How to Work Out Cost of Goods Sold (COGS) in Finance: Definition, Formula and Examples

Cost of Goods Sold Definition

COGS refers to the direct costs associated with producing goods for a business to sell.

 

This includes the costs of raw materials, direct labour, and manufacturing overheads:

 

  • Raw materials = These are the physical items directly used to make the final product.

 

  • Direct labour = The wages and benefits paid to workers who are directly involved in producing goods.

 

  • Manufacturing overheads = Indirect costs related to production that are not directly linked to a specific product, but still used in the production process.

 

COGS is a key part of the income statement, helping determine gross profit for a business.

 

The formula for gross profit is: Revenue − COGS

 

Therefore, subtracting COGS from total revenue highlights how profitable the core business activities are.

 

It is important to note that COGS is only relevant for businesses that sell physical goods.

 

Service based businesses typically do not have COGS, as they do not deal with inventory.

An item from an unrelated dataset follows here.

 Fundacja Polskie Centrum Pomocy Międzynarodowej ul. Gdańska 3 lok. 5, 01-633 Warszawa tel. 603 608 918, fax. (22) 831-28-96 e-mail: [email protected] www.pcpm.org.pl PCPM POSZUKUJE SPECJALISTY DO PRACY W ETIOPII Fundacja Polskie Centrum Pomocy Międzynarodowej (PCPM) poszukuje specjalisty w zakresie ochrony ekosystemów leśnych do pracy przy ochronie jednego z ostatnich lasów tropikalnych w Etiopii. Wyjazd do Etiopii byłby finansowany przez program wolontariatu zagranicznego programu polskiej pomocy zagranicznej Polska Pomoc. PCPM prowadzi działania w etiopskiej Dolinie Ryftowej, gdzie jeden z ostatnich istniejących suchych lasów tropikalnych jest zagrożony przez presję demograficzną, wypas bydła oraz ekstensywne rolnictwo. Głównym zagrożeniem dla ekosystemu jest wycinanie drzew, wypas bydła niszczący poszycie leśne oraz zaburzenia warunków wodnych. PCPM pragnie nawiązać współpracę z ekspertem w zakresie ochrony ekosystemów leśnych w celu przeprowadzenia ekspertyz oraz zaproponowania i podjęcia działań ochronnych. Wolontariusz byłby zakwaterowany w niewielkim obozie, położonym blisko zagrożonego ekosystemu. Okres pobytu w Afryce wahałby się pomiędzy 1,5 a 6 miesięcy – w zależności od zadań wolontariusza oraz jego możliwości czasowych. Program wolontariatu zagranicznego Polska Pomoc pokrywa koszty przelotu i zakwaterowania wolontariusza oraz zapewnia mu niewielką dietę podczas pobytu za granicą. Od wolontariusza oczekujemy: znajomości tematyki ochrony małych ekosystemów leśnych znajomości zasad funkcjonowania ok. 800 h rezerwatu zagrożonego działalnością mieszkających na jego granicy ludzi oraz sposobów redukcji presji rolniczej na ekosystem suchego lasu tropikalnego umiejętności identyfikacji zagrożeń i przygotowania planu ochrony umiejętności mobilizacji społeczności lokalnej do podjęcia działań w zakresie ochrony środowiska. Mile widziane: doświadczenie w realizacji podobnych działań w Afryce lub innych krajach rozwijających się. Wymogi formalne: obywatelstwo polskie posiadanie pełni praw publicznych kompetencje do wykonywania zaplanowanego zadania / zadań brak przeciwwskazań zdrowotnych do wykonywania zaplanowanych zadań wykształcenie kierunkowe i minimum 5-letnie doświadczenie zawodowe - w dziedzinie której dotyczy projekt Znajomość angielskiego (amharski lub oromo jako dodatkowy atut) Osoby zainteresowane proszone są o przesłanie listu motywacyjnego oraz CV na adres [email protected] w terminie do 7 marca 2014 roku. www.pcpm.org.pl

Cost of Goods Sold Formula

The formula to calculate the cost of goods sold is:

COGS = Beginning Inventory + Purchases − Ending Inventory

Where:

 

  • Beginning Inventory = The value of the inventory at the start of the period
  • Purchases = The cost of any additional inventory bought during the period.
  • Ending Inventory = The value of the inventory remaining at the end of the period

Cost of Goods Sold Examples

Example 1: COGS for a Retail Business

Imagine a small retail store which has the following data for the year:

Beginning Inventory

£10,000

Purchases

£40,000

Ending Inventory

£15,000

To calculate COGS:

 

COGS = Beginning Inventory + Purchases − Ending Inventory

COGS = £10,000 + £40,000 − £15,000 = £35,000

 

In this case, the cost of goods sold for the year is £35,000.

Example 2: COGS for a Manufacturer

Imagine a manufacturing company which has the following data for the year:

Beginning Inventory

£250,000

Purchases of Raw Materials

£500,000

Ending Inventory

£300,000

To calculate COGS:

 

COGS = Beginning Inventory + Purchases − Ending Inventory

COGS = £250,000 + £500,000 − £300,000 = £450,000

 

In this case, the cost of goods sold for the year is £450,000.

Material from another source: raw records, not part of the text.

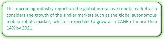 Technavio’s research and analysis on the interactive robots market identifies the ease of operating these robots to be one of the primary factors that will have a positive impact on the market’s growth during the next few years. Interactive robots have a simple architecture and are provided with smart sensors and artificial intelligence to carry the required operations. This will influence their adoption in the society. Additionally, the availability of platforms such as Google play that makes it easy to upgrade these robots also increases their adoption. Moreover, the availability of open source architecture also makes it easy to configure these robots according to the needs and can also update the software. In the coming years, vendors will start offering simple solutions which will also fuel the adoption of these robots. Our market research analysts estimate that the interactive robots market will grow at an impressive CAGR of almost 75% by 2021.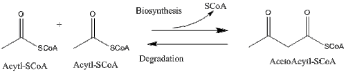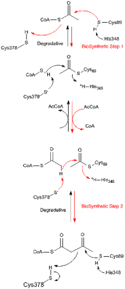 The formation of a carbon–carbon bond is a key step in the biosynthetic pathways by which fatty acids and polyketide are made. The thiolase superfamily enzymes catalyse the carbon–carbon-bond formation via a thioester-dependent Claisen condensation[2] reaction mechanism.[3]
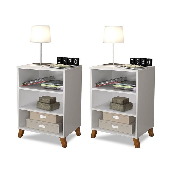 Kit 2 Criados de Cabeceira Retro Pes Palito 3 Nichos Branco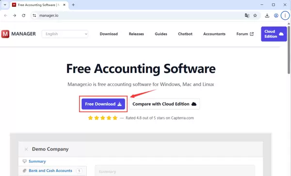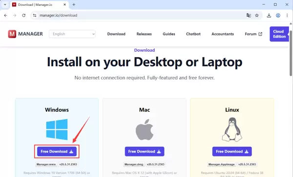 - 本教程基于 Windows 11 系统。首先,请访问 Manager 的官方网站:https://www.manager.io,找到适用于 Windows 的桌面版本,下载最新版的安装包。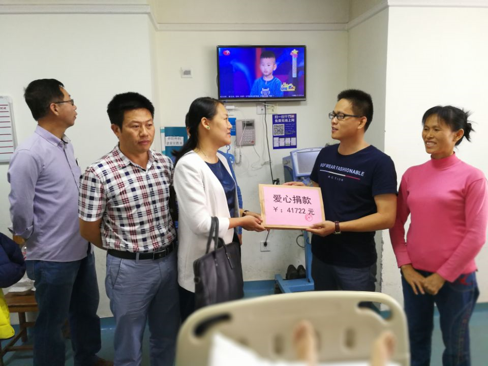 吳海召激動地說:“善款有價,愛心無價。綠港集團和經(jīng)開區(qū)的捐款正體現(xiàn)中華民族團結(jié)互助的精神和無私博愛的優(yōu)良傳統(tǒng),非常感謝所有愛心人士的熱情幫助”。蒙福東副總經(jīng)理讓家屬們增強信心,安心照顧好吳海有,有困難及時告知公司,綠港集團一定盡力協(xié)調(diào)解決,能幫就幫。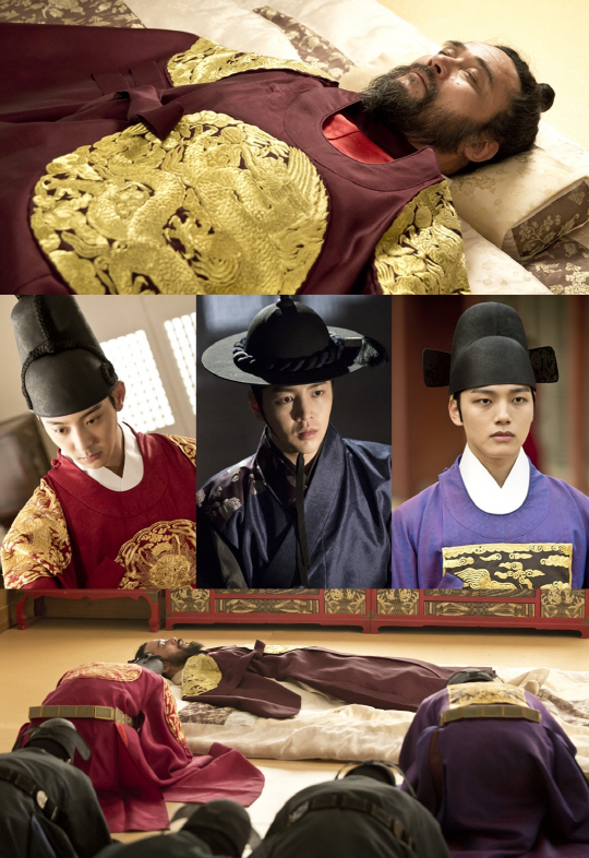 31일 '대박' 제작진은 세상을 떠난 숙종과, 그런 숙종의 주검 앞에 머리를 조아린 세자와 연잉군의 모습을 공개했다. 한결 편안해진 숙종의 표정과 달리, 세자 윤-대길-연잉군 남겨진 이들의 모습에서는 슬픔과 긴장감 등이 전해진다. 과연 숙종의 죽음은 이들에게 어떤 파란을 또 몰고 올 것인가? 이인좌는 숙종의 아들들에게, 자신의 욕망을 어떻게 드러내고 폭주할 것인가?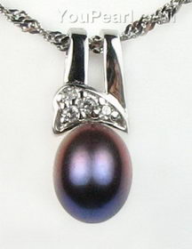 Cultured fresh water black pearl sterling pendant on sale, 7-8mm

Impact of Inventory Valuation Methods on COGS

The way a business values their inventory can significantly affect COGS.

 

The three main inventory valuation methods are:

 

  • FIFO (First-In, First-Out): FIFO assumes the first units purchased are sold first.

 

  • LIFO (Last-In, First-Out): LIFO assumes the last units purchased are sold first.

 

  • Weighted Average Cost: This method calculates an average cost per unit of inventory, which is applied equally across all items of inventory, smoothing out price fluctuations.

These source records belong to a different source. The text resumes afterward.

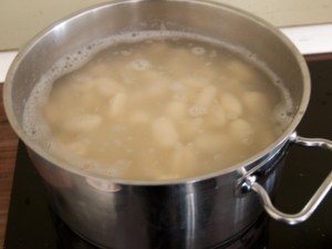 Ko voda zavre, vanjo stresite njoke. Njoki so gotovi, ko splavajo na vrh.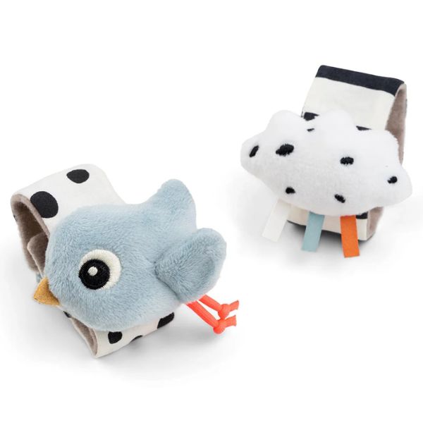 Happy clouds wrist rattle set consists of 2 soft baby bracelets with powder details. For use from 0 months, it's an ideal toy for sensory stimulation, body awareness, and hand recognition.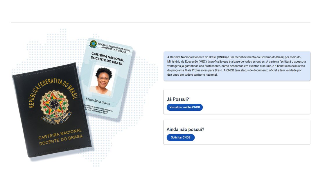 Professores de todo o país podem solicitar a Carteira Nacional Docente do Brasil (CNDB) por meio do sistema Mais Professores , do Ministério da Educação (MEC). A CNDB é um documento de identificação destinado aos professores da educação pública e privada. Ela tem validade de dez anos, é gratuita e aceita em todo o território nacional. Podem solicitar o documento professores de todos os níveis e etapas da educação.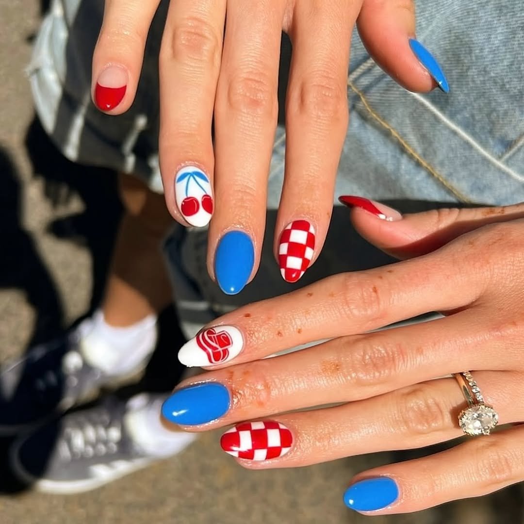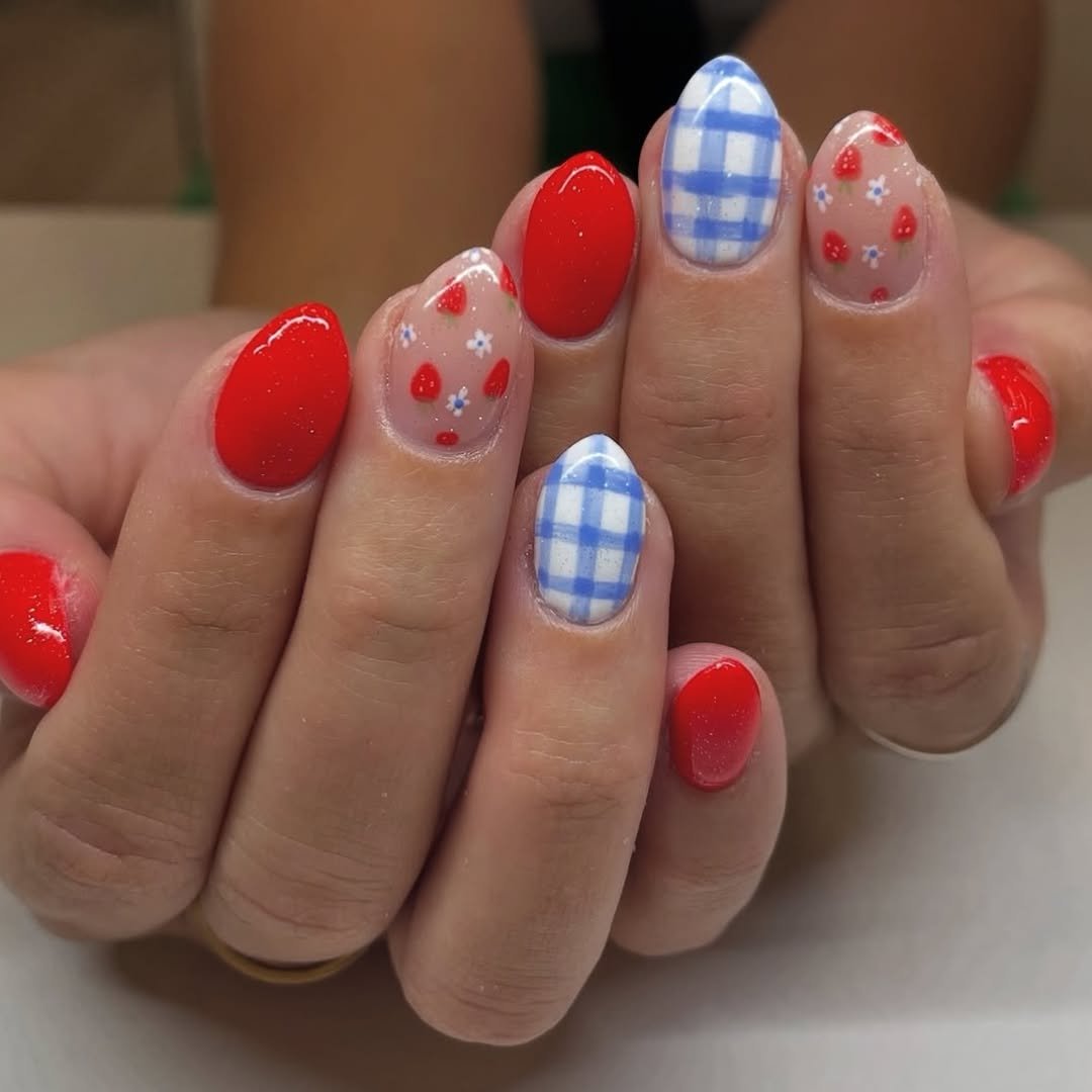 A mix of red polish, baby blue gingham, and scattered strawberries creates that picnic blanket fantasy in the most wearable way. Each nail feels like a tiny snapshot of summer.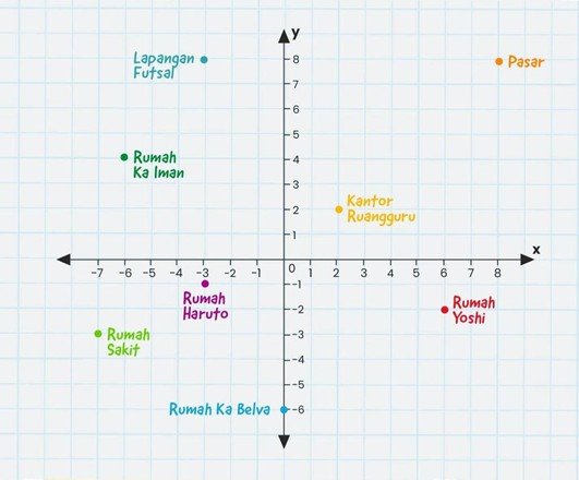 18. Koordinat titik yang terletak 5 ke kanan dan 3 ke atas adalah ...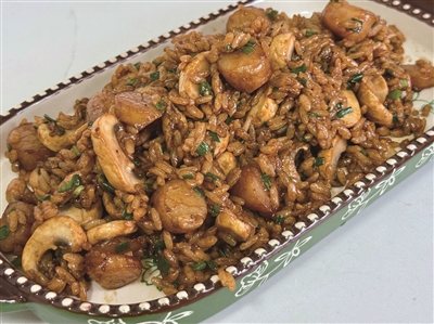 商报记者 王然 通讯员 邵正涵 热油锅煸出的葱油冒着香气,扇贝在饭粒间藏着海的清鲜,口蘑切得薄透,吸饱了酱汁后软嫩得会在舌尖打滑。 米饭炒得粒粒分明,裹着葱油的焦香,嚼起来带着微微的韧劲。扇贝的鲜甜、口蘑的菌香,混着葱花的辛香,在嘴里层层化开。不用配菜也能吃得飞快,每口都有不同的鲜灵劲儿,吃完碗底只剩几滴葱油,忍不住再添一勺。快来试试这道超落胃的扇贝葱油炒饭。 所需食材:扇贝、口蘑、黑胡椒粉、蒜、料酒、蚝油、生抽、盐、白糖、熟米饭、老抽、葱末。 制作方法: 扇贝洗净后用黑胡椒粉腌制十分钟,口蘑切片备用; 热锅冷油,放蒜炒香; 放入扇贝翻炒; 倒入料酒和口蘑,翻炒均匀; 倒入蚝油和生抽,继续翻炒; 放入盐、白糖、熟米饭和老抽,翻炒均匀; 放入葱末翻炒均匀即可。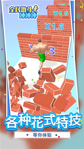 全民激斗冲冲冲是一款以肌肉猛男为主角的3D动作跑酷游戏,玩家通过操控角色在高速移动中突破障碍、收集强化道具,实现角色成长与特技释放的复合型玩法。游戏采用物理碰撞引擎与动态难度调节系统,在保证操作流畅度的同时,为不同水平玩家提供渐进式挑战体验。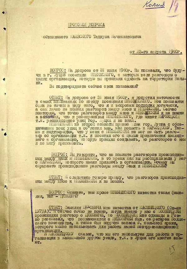 W aktach sprawy znajduje się również kopia protokołu przesłuchania aresztowanego przez NKWD Tadeusza Majewskiego, który datowany jest 23 sierpnia 1940 r. Majewski także przyjechał z Warszawy, aby rozwijać ośrodki Związku Walki Zbrojnej na Wołyniu. Zeznał, że nigdy nie widział Cichowicza, ale potwierdził, że wiedział o nim od Kasprzyckiego. Oświadczył także: «Planowaliśmy wysłać Cichowicza do Włodzimierza Wołyńskiego jako jednego z kierowników, ale powiedziałem Burdzie (Kasprzyckiemu), żeby wysłał Cichowicza do mnie, do Równego, abym mógł poznać go osobiście i, gdyby okazało się, że nadaje się do pracy organizacyjnej, wysłać go do Włodzimierza Wołyńskiego». Cichowicz jednak, jak zaznaczył Majewski, nigdy nie dotarł do Równego.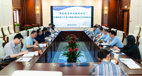 5月22日,集宁师范学院党委副书记、校长刘春,党委委员、副校长李景杰带队,就“师范教育协同提质计划”项目有关事项赴首都师范大学考察交流,相关部门、学院负责人陪同。首都师范大学校长方复全,党委常委、副校长李小娟出席交流会,相关职能部门负责人参加。

Examples Using FIFO, LIFO and Weighted Average

Suppose you bought three batches of widgets:

Batch 1

100 units at £10 each

£1,000 total

Batch 2

100 units at £12 each

£1,200 total

Batch 3

100 units at £15 each

£1,500 total

Let’s calculate the inventory value after selling 150 units using FIFO, LIFO, and Weighted Average methods.

 

FIFO (First In, First Out)

 

Sold Units:

 

First, 100 units from Batch 1 at £10 = 100 × £10 = £1,000

Then, 50 units from Batch 2 at £12 = 50 × £12 = £600

Total Cost of Goods Sold (COGS) = £1,000 + £600 = £1,600

 

Remaining Inventory:

 

Batch 2: 50 units at £12 = £600

Batch 3: 100 units at £15 = £1,500

Total inventory value = £600 + £1,500 = £2,100

 

LIFO (Last In, First Out)

 

Sold Units:

 

First, 100 units from Batch 3 at £15 = 100 × £15 = £1,500

Then, 50 units from Batch 2 at £12 = 50 × £12 = £600

Total Cost of Goods Sold (COGS) = £1,500 + £600 = £2,100

 

Remaining Inventory:

 

Batch 1: 100 units at £10 = £1,000

Batch 2: 50 units at £12 = £600

Total inventory value = £1,000 + £600 = £2,100

 

Weighted Average

 

The weighted average cost per unit is calculated as:

 

Weighted Average Cost per Unit = Total Inventory Value / Total Units = £3,700 / 300 = £12.33 per unit 

 

Sold Units:

 

150 units × £12.33 = £1,849.50 

 

Remaining Inventory:

 

150 units × £12.33 = £1,849.50

 

Summary of Inventory Values

Method

COGS

Remaining Inventory

FIFO

£1,600

£2,100

LIFO

£2,100

£1,600

Weighted Average

£1,849.50

£1,849.50

As you can see, LIFO results in a higher COGS due to the higher cost of recent inventory, whereas the reverse is true of the FIFO method.